「教えて茶道」Vol,5

心そわそわした連休も終わりましたね。
気温も高くなって、仕事や勉学にも、疲れが出始め 5月病になりそうな方もいらっしゃるのではないかと 心配いたします。
そんな時こそ、ちょっと心機一転。
有名店の御菓子屋さんで、高いめの御菓子を買って、お気に入りの お茶碗で少し形式ばってお抹茶をたててみては?
私は旅行先で、自分の旅の記念として、お茶碗を買っております。
海外ではなかなか見つけるのが容易ではありませんが、サラダボール みたいな物を見つけております。
先日ポルトガルでも、染付け風(青色模様)縁に金線が入った 物を見つけ、もうお茶碗ばかり買うまいと決めていながらも、 買ってしまいました。が、小ぶりですが、今はそれが気に入って、 毎朝、悦に入りながらお茶を頂いております。
御菓子屋さんででもわかるとおり、それぞれの御菓子に 銘(めい 名前)が付いております。
茶道具にも、銘がついたものが数多くあります。

竹の花入れ 先日のお茶会では 竹生島(ちくぶしま)でした。
楽焼の茶碗 浅緑 (あさみどり)  
*絵茶碗には、付いていません。絵でわかりますから。
特に茶杓では、必ず銘があります。

普段のお稽古の時には、自分で考えて名付けた名前を披露します。
季節の花の名 山桜 藤波 新緑 季節の言葉  五月雨 五月晴れ 夏祭り 季節をとわない銘 好日 松風 千歳 ときわ 瑞雲 5月の今の時期、薫風 緑陰 青嵐 名前を聞いただけで、そのさわやかさ、季節があふれ出てきて、 そんな気分になりませんか?

私の好きな銘に、山吹の花を指して、「歌の戸」があります。
これは、太田道灌の故事来歴によります。
後に江戸城を作った室町後期の武将だが、ある鷹狩の帰りに 雨に降られ、山間の民家で雨具を貸してくれるよう頼んだ。
だが、出てきた娘は黙ってヤマブキの花を一枝差し出した。
はてはどういうことかと、いぶかしがって帰ってくると 家来の一人が教えてくれた。

後拾遺和歌集に 「七重八重花は咲けども山吹の 実のひとつだになきぞ悲しき」 という歌がある。

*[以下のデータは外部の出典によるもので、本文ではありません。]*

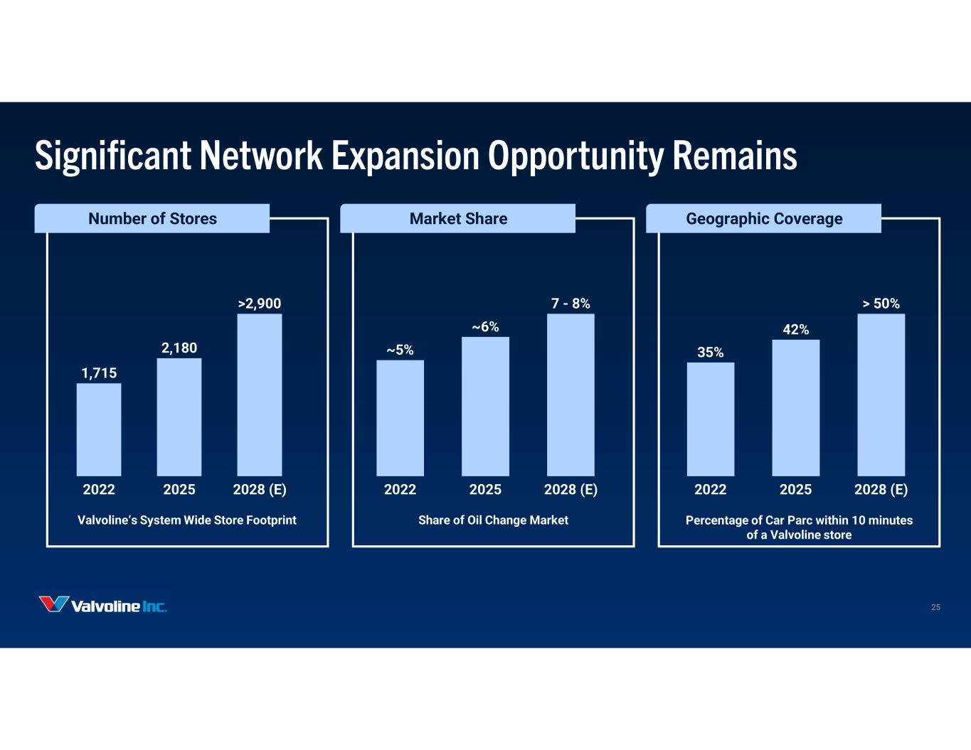 Significant Network Expansion Opportunity Remains 1,715 2,180 2022 2025 2028 (E) >2,900 2022 2025 2028 (E) ~5% ~6% 7 - 8% 2022 2025 2028 (E) 35% 42% > 50% Number of Stores Market Share Geographic Coverage Valvoline’s System Wide Store Footprint Share of Oil Change Market Percentage of Car Parc within 10 minutes of a Valvoline store 25

娘はこの「実の」と雨具の「蓑」をかけて、 蓑ひとつもありませんと断ったのだと。
ちなみに、ヤマブキには実がつくが、八重のヤマブキには 成らないのだという。
いずれにせよ道灌はこれで自らの無学を恥じ、歌の道に 精進し歌人としても知られるようになった。
ひとつの銘にこんな話しがこめられている、又この銘を聞いて ヤマブキに思い当たるってことが、奥ゆかしくと同時に、いつでも 勉学心を持つ、お茶らしい精神だと思いますが、 皆様はどのようにお考えでしょう?